Whether it’s tenting for the Duke-North Carolina game or climbing Baldwin Auditorium, we like to think there are activities here that create an authentic Duke experience. It’s these moments—big or small, intellectual or slightly moronic—that give us a special connection to our University. We know they cannot be recreated anywhere else.
Another tradition each class buys into the Fall of their junior year is studying abroad. Last year, 505 of the 1,725 juniors packed their bags and flew across the pond to drink in Germany, country hop and oh learn too of course.
But while most of our friends were expanding their knowledge of draft beer, we spent the majority of our time editing articles and making the final touches to the daily paper in 301 Flowers. Our jobs were so time consuming that any of our friends still on campus forgot that we hadn’t gone abroad. And to be honest, sometimes it seriously—for lack of a better word—sucked.
Here’s the thing, our friends abroad did not have to deal with a squirrel running over their personal belongings as they worked on major supplements or wrote papers from the third floor of Flowers. And our friends abroad certainly did not have to learn the art of attending class and acting like a human being on three hours of sleep. Let’s not get started on the angry emails and phone calls...

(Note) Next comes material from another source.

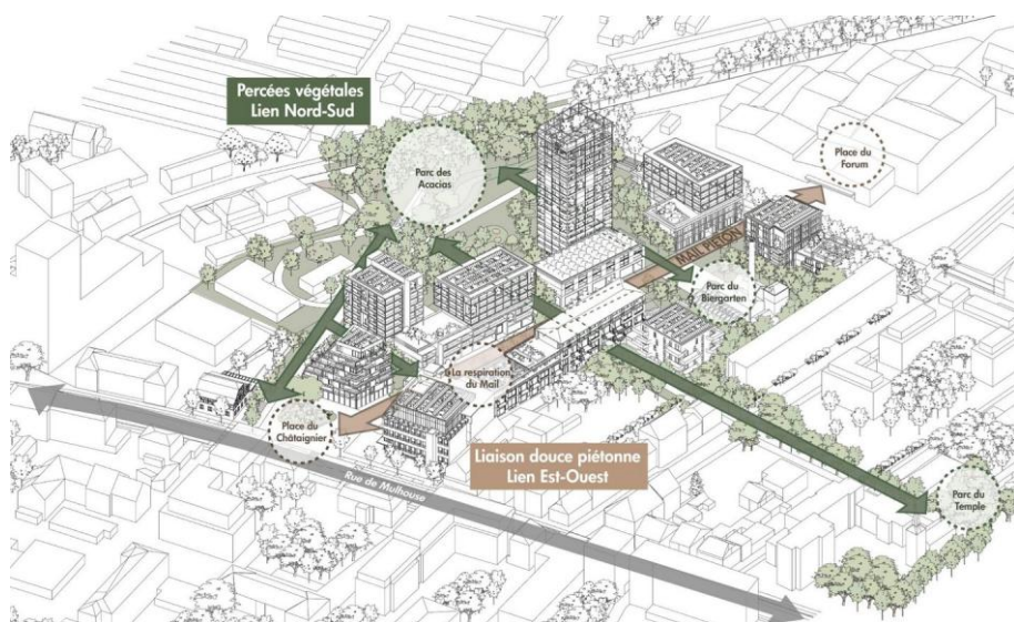
Figure ci-contre, Sortons du Bois paysagistes Projet Quartier des Lumières Saint-Louis

https://sortonsdubois.fr/projets/quartier-les-lumieres/

But given the opportunity to make the choice again, we would gladly choose our sleep-deprived life as college journalists all over again (though we could probably have benefited from eating less buffalo chicken pizza). It is very rare to be given an opportunity at the age of 20 to take complete control of an organization that guides a significant portion of campus dialogue. Being an uppermast editor on The Chronicle allowed us to take a role in University life that our fellow students will never experience. We called administrators in the middle of the night, we were recognized by Duke’s upper echelons, we wrote stories that—for better or for worse—made waves nationally.
When our friends returned to us last January, they tried to explain how four months in Spain or Australia had completely changed their life. We looked at them and laughed.
Living in another country can teach you a lot of valuable lessons—and they probably learned some of them—but we invite them to give a semester living in 301 Flowers a shot. Last year was a crash course in running our own small business—managing a staff, creating and implementing strategies, dealing with crippling pressure and making split-second decision making. One false move could get us sued.
There was no way you could really prepare for it. We learned on the job, just like someone would learn to navigate an unfamiliar European city with a language barrier. And, hey, we got through a decent amount of beer too.
A year later, we get to look back on our abroad experience, of sorts. Was it the most fun that we’re ever going to have? Probably not. But was it something we can regard—without a doubt—as life-changing?